È vero che anche il primo che secondo la tradizione chiamiamo Secondino è santo e martire ma non abbiamo la certezza che egli fosse stato anche nostro Vescovo. Il martirologio romano, infatti, lo appella solo come martire e sepolto sulla Via Prenestina.
Il nostro protagonista, invece, si chiama Guarino Foscarari ed è nato a Bologna sul finire dell’XI secolo (non conosciamo con precisione l’anno di nascita). Presbitero della Chiesa di Bologna, per un desiderio di maggiore perfezione entra fra i Canonici Regolari di santa Croce di Mortara, in provincia di Pavia, ordine poi confluito nei Canonici Regolari Lateranensi.
Fu nominato Vescovo di Pavia ma rifiutò categoricamente la nomina, fuggendo, secondo la leggenda, da una finestra dell’Abbazia e nascondendosi.
Quando il suo concittadino e parente Papa Lucio II nel 1144 lo volle Vescovo di Palestrina, tuttavia, non poté opporsi. Anzi, con il nostro titolo ebbe anche l’elevazione al cardinalato.
Nei tredici anni del suo ministero episcopale a Palestrina, san Guarino fu pastore con una predisposizione soprattutto verso i poveri. È ritenuto, infatti, il primo fondatore di un ospedale a Palestrina.

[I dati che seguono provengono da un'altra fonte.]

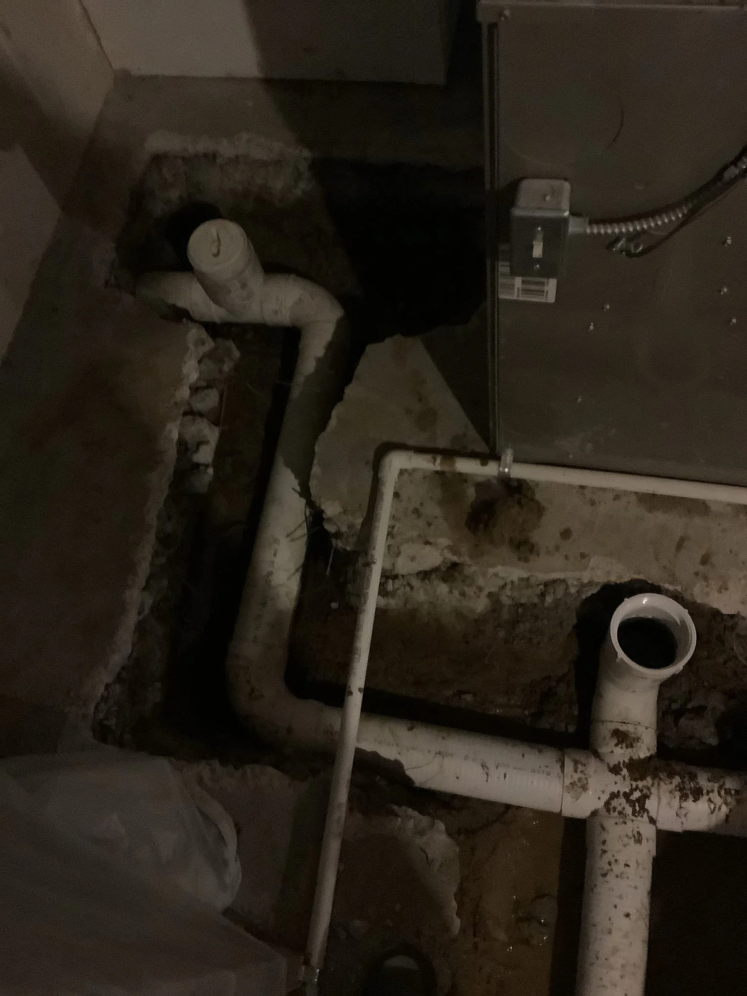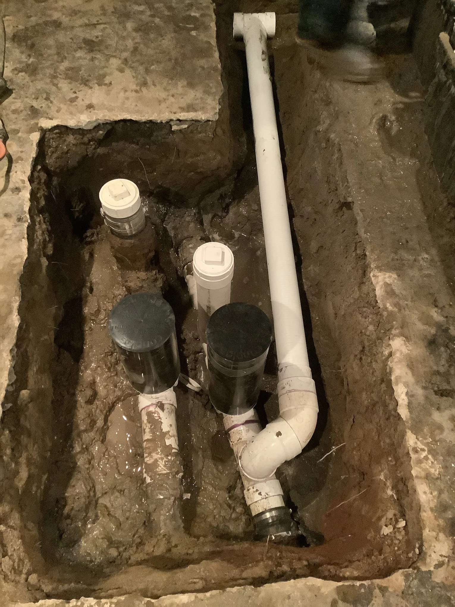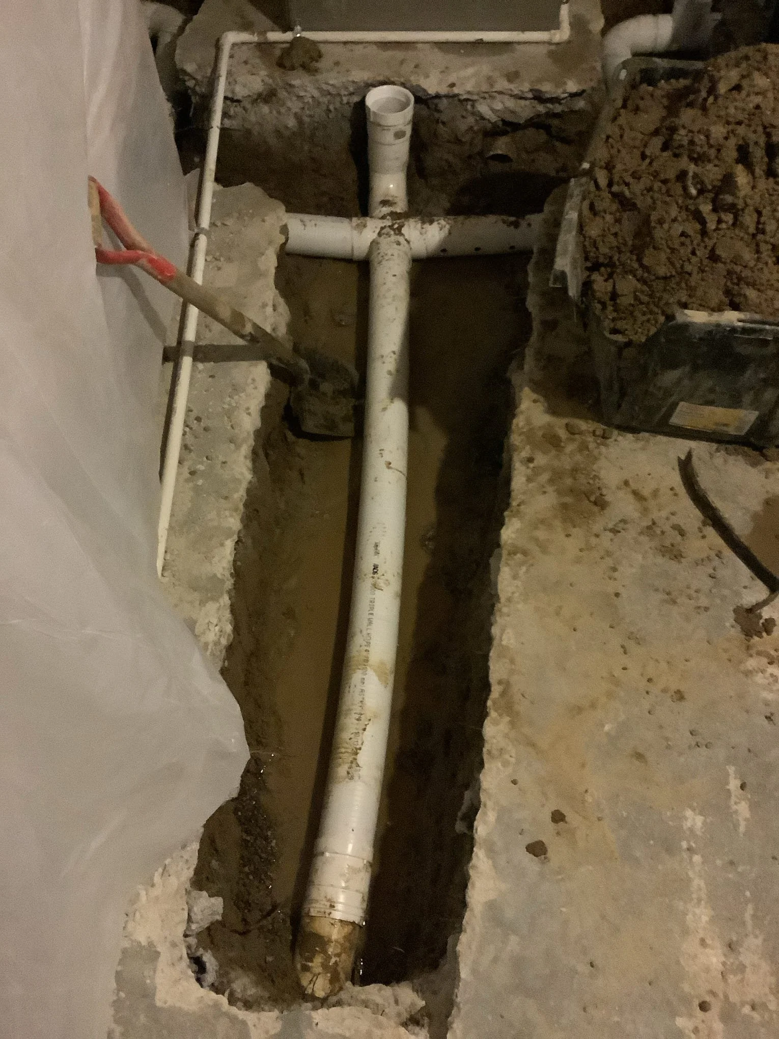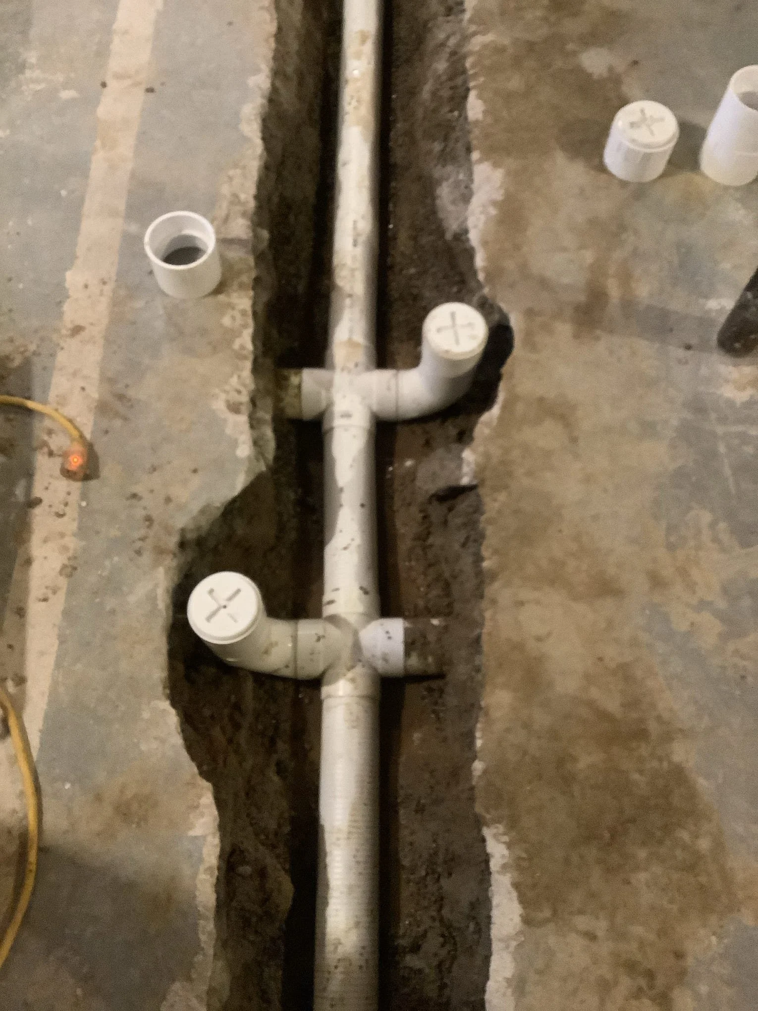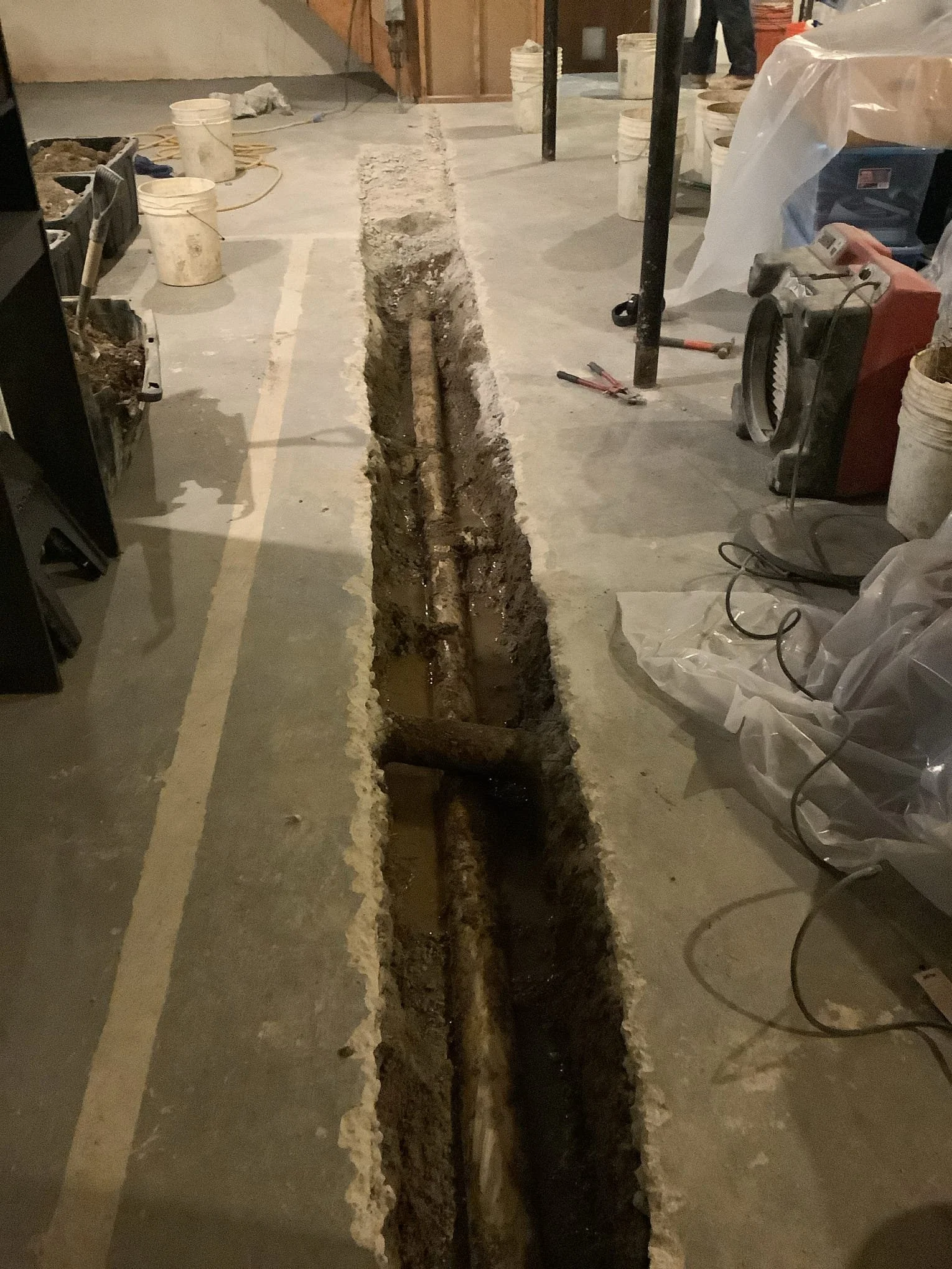 Every section of pipe was leveled, pressure-tested, and surrounded with drainage stone before being re-poured with fresh concrete for a seamless finish.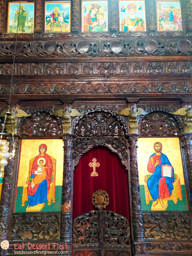 Το στολίδι του ναού είναι αναμφισβήτητα το ξυλόγλυπτο τέμπλο του τέλους του 18ου αι., φτιαγμένο από δύο μάστορες, με τον δεύτερο να συνεχίζει το έργο που άφησε ο πρώτος στη μέση. Η διαφορά φαίνεται από το ότι ο πρώτος μάστορας είχε κάνει πιο βαθιά σκαλίσματα, ενώ ο δεύτερος πιο ρηχά. Αν κοιτάξει κανείς με προσοχή τις λεπτομέρειες του τέμπλου θα εντυπωσιαστεί πραγματικά από την τέχνη και το μεράκι με τα οποία έχει δημιουργηθεί… Οι αγιογραφίες που υπάρχουν σήμερα στο τέμπλο είναι, όπως προσέξαμε κι εμείς νεότερες, της δεκαετίας του 1970.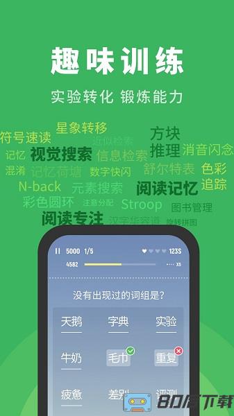 3、游戏式趣味练习:基于哈佛大学与哥伦比亚大学的认知科学研究理论而设计的20款趣味十足的游戏任务,让你在快乐中不断提升阅读/读书的各项能力,真正做到“玩”有所得;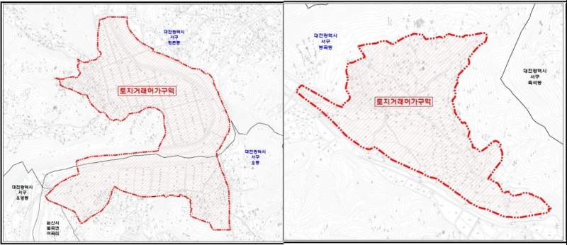 대전시는 서구 ‘오동지구 일반산업단지’와 ‘봉곡지구 일반산업단지’ 2곳의 사업구역 1.16㎢에 대하여 24일부터 2028년 11월 23일까지 3년간 토지거래허가구역으로 지정한다고 밝혔다.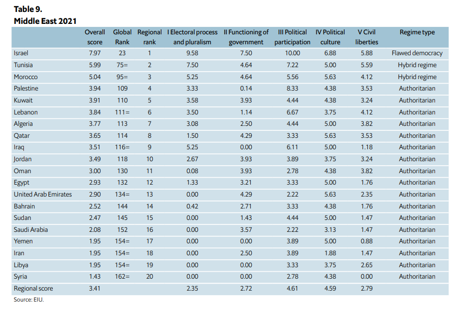 Now that's just a list of elections. And then we can go and we can look at how people rank Israel. So here is The Economist who have a thing called the Democracy Index: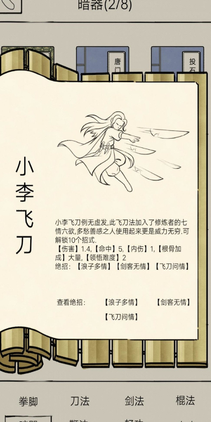 小李飞刀需相遇七次,第六次得武功,第七次获绝招,需购500金探花服。
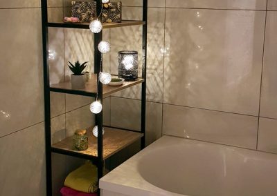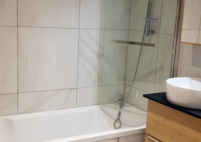 Décor marbre, baignoire 180cm pour de vrais moments détente, double vasque, lave-linge et sèche-linge. Même les nécessaires de toilette et le sèche-cheveux vous attendent !

Nella vita privata, poi, seguiva ancora l’austera regola del suo Ordine. Partecipó a tre conclavi.
Morì, circondato dal suo clero, il 6 febbraio del 1158. Papa Alessandro III nel 1159 lo proclamó santo.
Alla sua morte, il venerato corpo fu deposto nella cripta della Cattedrale di sant’Agapito, accanto a quello del Martire.
Tuttavia, nel 1437, la distruzione della città e della cattedrale ad opera del Card. Giovanni Vitelleschi, operò anche la perdita della tomba di san Guarino.
Inutilmente, nei secoli, i Cardinali Vescovi di Palestrina, la cercarono sotto i pavimenti della Cattedrale, non trovandola mai. San Guarino riposa ancora sotto i nostri piedi, nel modo umile e nascosto che ben si addice alla sua vita. Il suo esempio, pur così distante da noi nel tempo, può essere ancora una consolazione per chi, qui, come lui, si sforza di seguire il Signore.
La memoria di san Guarino si celebra il 7 febbraio.